Синьков, его товарищ по гимназии, присоединился к нему уже в семнадцатом году, покончив расчеты с демобилизующейся армией и войной.
Фронт он покинул раньше других офицеров, еще в октябре, когда выяснилось, что командный состав будет избираться солдатами, а неизбранные офицеры перейдут на положение рядовых.
На избрание можно было рассчитывать вполне. Он все еще был популярен среди значительной части батарейцев. Он никогда не дрался, не воровал казенных сумм.
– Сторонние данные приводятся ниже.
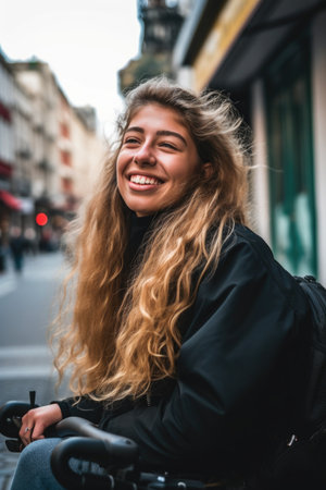 portrait of a young woman traveling in her wheelchair, created with generative ai

По-своему он любил своих подчиненных. Но одна мысль, что его судьба хотя бы на секунду окажется в руках солдатской массы, приводила его в бешенство. Нет! Нужно было бежать, бежать без оглядки, куда угодно, хоть к черту в глотку… Но лучше всего было бежать в огромный Петроград, где все-таки много своих, где рядом с заводами и казармами есть и улицы высоких, светлых домов, в которых живут «настоящие» люди. Люди, которые думают так же, как он.
Но Петроград разочаровал сразу. Вокзал, взятый штурмом солдатами. Они толкаются, дышат махоркой в лицо. Мешками, сундуками они задевают зазевавшихся. Они знают, что места в поезде можно взять только с бою, и, еще только вступив на подъезд вокзала, готовы к сражениям руганью, кулаками, прикладом, а то и ручной гранатой. Невский грязен. Битые стекла и разгромленные, пропыленные витрины. А в светлых домах растерявшиеся, несчастненькие люди. Женщины больше не жалуются на мигрень, на зубы, на нервы. Не до зубов и не до мигрени… Они говорят о муке, картофеле и чулках. Мужчины брюзжат, ругаются, предварительно закрыв двери, и втихомолку гримируются под улицу. А улица в руках солдат, матросов и рабочих. Где-то в Смольном — власть. Этот когда-то любимый город бесил и приводил в отчаяние. Возобновились нервические припадки — результат контузии, во время которых можно было громить стену лбом, ломать до хруста собственные руки, сжимать зубы с такой силой, что темнело в глазах.
Синьков поселился в меблирашках на Петроградской. Он ходил из дома в дом, из квартиры в квартиру, ища созвучных настроений. У казачьего есаула атаманца Никитина пили беспросветно и грязно. Вестовые сбежали с проходившим на Дон полком. К скатертям прилипли окурки. В лужице от варенья лежала костяная пуговица от кальсон. Синьков сел с размаху в кресло и раздавил венецианский бокал.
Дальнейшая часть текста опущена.